Japanese ‘Hidden Figure’ Provided Backbone for Sunspot Record

“I simply can't stop observing when thinking that one can never know when the nature will show us something unusual,” Hisako Koyama wrote in 1981.

That dedication to observation earned the amatuer astronomer recognition from the professional community, most recently in an article published in the journal Space Weather by Delores Knipp of the University of Colorado Boulder.

In the article, Knipp outlines Koyama’s career, during which she sketched nearly 40 years of sunspots, including the largest sunspot of the 20th century in 1947. Sunspots -- dark spots on the surface of the sun caused by powerful magnetic fields -- are important to scientists because the radiation and gusts of energy they produce can impact humans and satellites traveling in space. Koyama’s record is especially important because its consistency and thoroughness helped provide a backbone for a recent effort by scientists to recalibrate a 400-year record of sunspot activity, going back to Galileo.  
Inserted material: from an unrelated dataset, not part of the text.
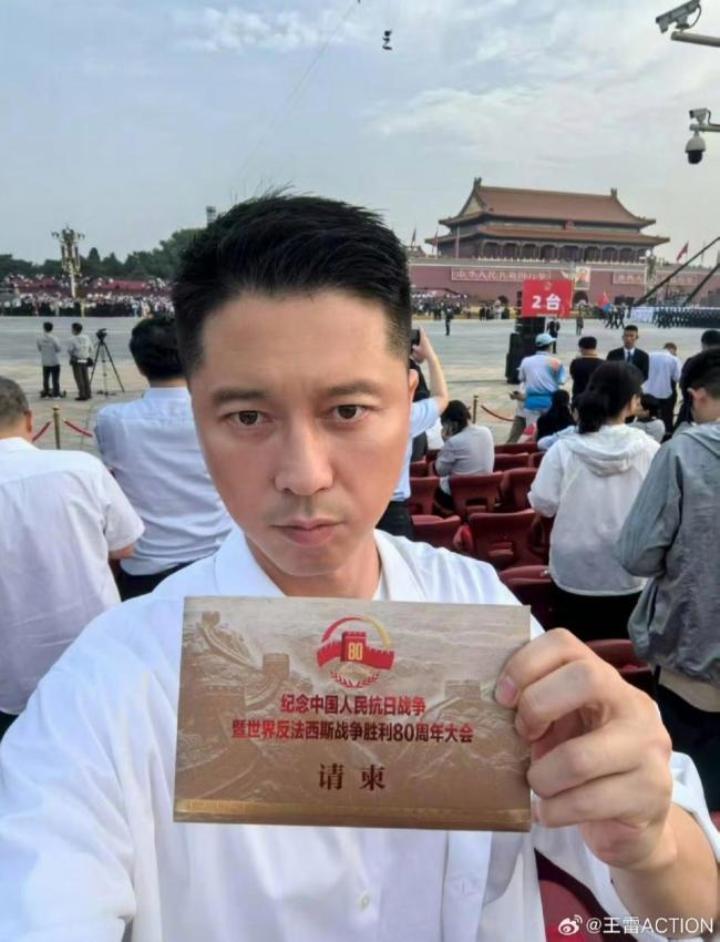 军人后代演员王雷晒观礼照片 致敬先辈与和平

Koyama served as a staff member at the National Museum of Nature and Science and published her findings at the urging of fellow scientists, all at a time when a high-school education was the best a girl in Japan could expect, Knipp said.

“How many young ‘Ms. Koyamas’ might there be in today's world, just on the verge of scientific contribution and discovery, if only for a nudge of encouragement in the right direction?” Knipp writes. “We hope this manuscript describing Ms. Koyama's work serves as encouragement and inspiration for future scientists.”